Eleven years ago, I interviewed Beck, who wrote a memoir, An Underground Life: Memoirs of a Gay Jew in Nazi Berlin. From Nov. 17, 2001:
BY STEVE ROTHAUS, srothaus@MiamiHerald.com
Gad Beck, 78 and ailing, vividly recalls his "great, great love" and how he lost him to the Nazis.
Sixty years later, Beck still calls it "the darkest hour of my life." He says it's important for him to tell his story, however painful.
So two years ago, the retired educator wrote an autobiography, An Underground Life: Memoirs of a Gay Jew in Nazi Berlin. And that year as well, he was one of a handful of known gay Holocaust survivors to appear in a film documentary called Paragraph 175, which will be screened Sunday at Temple Israel in Miami.
Paragraph 175 was an 1871 section in the German criminal code that strictly prohibited anal intercourse, German historian Lothar Machtan said.
In 1935, Adolf Hitler and the Nazis rewrote Paragraph 175 to outlaw all forms of male homosexuality. Lesbians were excluded from the law.
"That was the basis for the prosecution, persecution, harassment - even the killing of homosexuals - by the Third Reich, " said Machtan, author of a controversial new book called The Hidden Hitler, which alleges with no proof that Hitler himself was gay.
Between 1933 and 1945, German police arrested an estimated 100,000 men as homosexuals, according to the U.S. Holocaust Memorial Museum in Washington, D.C.
About 50,000 of those men were sentenced by German courts to regular prisons; between 5,000 and 15,000 were interned in concentration camps.
PINK TRIANGLES
Forced to wear pink triangles signifying their homosexuality, these men were among the most-abused prisoners in the concentration camps, according to the Holocaust museum.
No one knows how many gay men died in the camps.
Gad Beck was born in 1923 in Berlin to a Jewish father and a Christian mother.
Early on, Beck became aware of his homosexuality.
"At the age of 12, it was clear to me I was in love with a boyfriend, " Beck said last week from his home in Berlin. But, he added, "in the time I was a young boy, there was no way you could speak of it."
At 15, Beck met and fell in love with Manfred Lewin, a 16-year-old Jew. Three years later, Lewin and his family were jailed by the Nazis.
Because Beck's mother wasn't Jewish, the Germans didn't intern him. He joined and became a leader in the Jewish underground in Germany.
VISIT TO JAIL
One day, Beck stole a German soldier's uniform and sneaked into the jail where Lewin was being held. He pleaded with Lewin to escape.

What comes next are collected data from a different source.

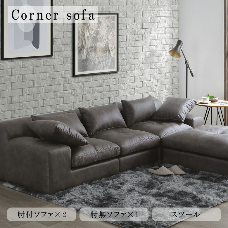 先着で8%offクーポン ソファー カウチソファー L字 コーナーソファ おしゃれ カウチセット 応接 合皮 北欧 片肘 高級 ボリューム シンプル おしゃれ ゆったり くつろぎ リビング 2色対応 向き選択可能 左カウチ 右カウチ モダン インダストリアル スツール
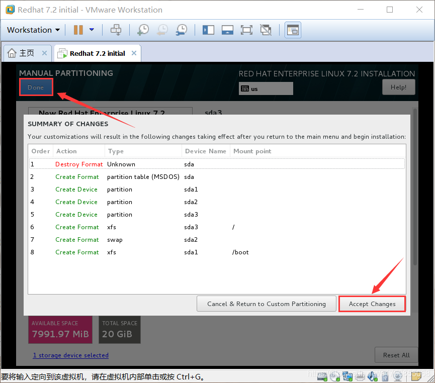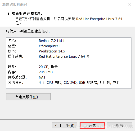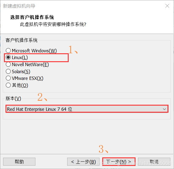 (4)选择要安装的客户机操作系统的类型:由于我们安装的系统时Linux,版本为Redhat7版本,就直接勾选,最后下一步。
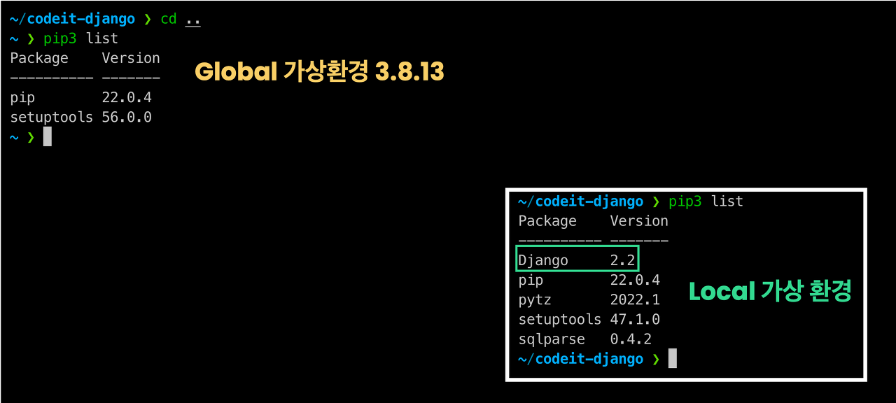 보면 우리가 설치한 django와 django가 필요한 몇 가지 패키지가 설치되어 있는데요. 여기서 cd .. 명령을 통해 하나 상위 디렉토리로 이동해서 다시 한번 pip3 list로 파이썬 패키지 목록을 보면 우리가 설치했던 django가 없습니다.

"He said to me, 'Look, this is impossible to understand. No Gad, I can never be free. I'm with my whole family.' He went back, " Beck said.
"We had prepared a life together. . . . Three weeks after this meeting, he was going to Auschwitz with his whole family, " said Beck, who never saw Lewin again.

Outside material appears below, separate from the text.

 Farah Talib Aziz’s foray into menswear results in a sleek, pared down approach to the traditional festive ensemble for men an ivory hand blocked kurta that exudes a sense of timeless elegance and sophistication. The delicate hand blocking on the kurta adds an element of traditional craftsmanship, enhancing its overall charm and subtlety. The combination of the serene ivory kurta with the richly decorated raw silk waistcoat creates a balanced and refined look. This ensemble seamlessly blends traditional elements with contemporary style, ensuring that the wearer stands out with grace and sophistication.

After World War II ended, Beck searched for Lewin and discovered that he and his family perished in Auschwitz.
[Before Lewin's arrest, he gave Gad Beck a handwritten diary about their life together. The book, with English translation, can be viewed online at the museum's website, www.ushmm.org/doyou rememberwhen/co/co.htm]
In 1947, Beck helped organize the emigration of Jewish survivors to Palestine. He lived in Israel until 1979, when he returned to Berlin.
In 60 years, much has changed for gay men in Germany. In 1994, after the two Germanys reunited, the law was abolished.
Earlier this year, the German congress voted to allow gay civil unions.
And last month, Klaus Wowereit was elected mayor of Berlin.
During the campaign in June, Wowereit announced: "I'm gay and that's a good thing."
In Germany and around the world, that has become a cult phrase among gay men and women.
NORMALIZATION
"There has been a very positive change and a trend toward 'normalization, ' " said Marc Fest, 35, a gay businessman born in West Germany and now living in Miami Beach.
Although Fest grew up hearing about Paragraph 175, he knew little about the gay men who died during World War II.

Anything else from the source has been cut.